Abbildung 3: Zeitverteilung pro Jahr und Apotheke - Leiter/in West
Abbildung 4: Zeitverteilung pro Jahr und Apotheke - Leiter/in Ost
Das Zeitprofil der Apothekenleiter (siehe Abbildungen 3 und 4) setzt sich vor allem in puncto Rezeptur und sonstigen Tätigkeiten stark von der Gesamtverteilung aller Beschäftigten ab. Wer die Arbeitsabläufe in der öffentlichen Apotheke kennt, weiß: Aussagen über die optimale Aufteilung der Arbeitszeit für Apothekenchefs oder Mitarbeiter können nicht allgemein getroffen werden. Die individuellen Gegebenheiten, Erfordernisse und die Organisationsstruktur sind in Apotheken zu unterschiedlich. Auch lassen sich keine Korrelationen bestimmter Zeitprofile mit betriebswirtschaftlichen Kennzahlen bilden. Eine bestimmte Zeitverteilung ist nicht unbedingt das Kennzeichen für einen umsatz-, ertragsstarken oder ertragsschwachen Betrieb.
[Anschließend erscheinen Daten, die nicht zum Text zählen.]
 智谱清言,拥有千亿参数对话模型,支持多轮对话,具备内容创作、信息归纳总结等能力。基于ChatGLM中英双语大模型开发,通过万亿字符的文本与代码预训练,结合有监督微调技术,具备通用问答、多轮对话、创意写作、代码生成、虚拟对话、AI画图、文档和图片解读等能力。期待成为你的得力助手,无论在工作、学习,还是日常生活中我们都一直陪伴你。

Auffällig beim Leiterprofil ist der hohe Anteil an sonstigen Tätigkeiten. Darunter fallen überwiegend Bürotätigkeiten und dies noch mehr in den neuen Bundesländern, was auch auf die mit der größeren Mitarbeiterzahl verbundene Aufgabenfülle zurückzuführen sein kann. Der Anteil in Einkauf und Warenwirtschaft ist bedingt durch das Engagement der Apothekenleiter im Direktbezugsgeschäft (vor allem Vertretergespräche). Hier sollte sich jede Apothekenleiterin/jeder Apothekenleiter einmal fragen, ob noch ein Rationalisierungspotential besteht und Tätigkeiten an Mitarbeiter delegiert oder aber professionelle externe Dienstleister (Buchführung, Dekoration) vergeben werden können. Kritisch sollten besonders die kundenfernen Tätigkeiten betrachtet werden. Sie sind für den Apothekenbetrieb zwar wichtig, sollten aber zugunsten der Verkaufs- und Beratungstätigkeiten minimiert werden.
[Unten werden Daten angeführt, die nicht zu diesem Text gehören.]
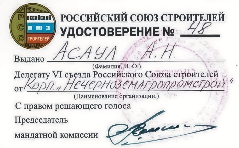 Почётный строитель Нечернозёмагропромстроя (1995 год)

Viele Routinetätigkeiten im Büro, wie etwa das Führen des Kassenbuches, das Schreiben von Rechnungen oder Überweisungen, könnten durchaus von einer zuverlässigen PKA oder einer anderen Mitarbeiterin übernommen werden. Der Aufwand für die Einarbeitung mag zwar erheblich sein, die Entlastung später wiegt dies aber wieder auf. Schließlich wirkt sich die Übertragung von verantwortungsvollen Aufgaben positiv auf die Mitarbeiterzufriedenheit aus.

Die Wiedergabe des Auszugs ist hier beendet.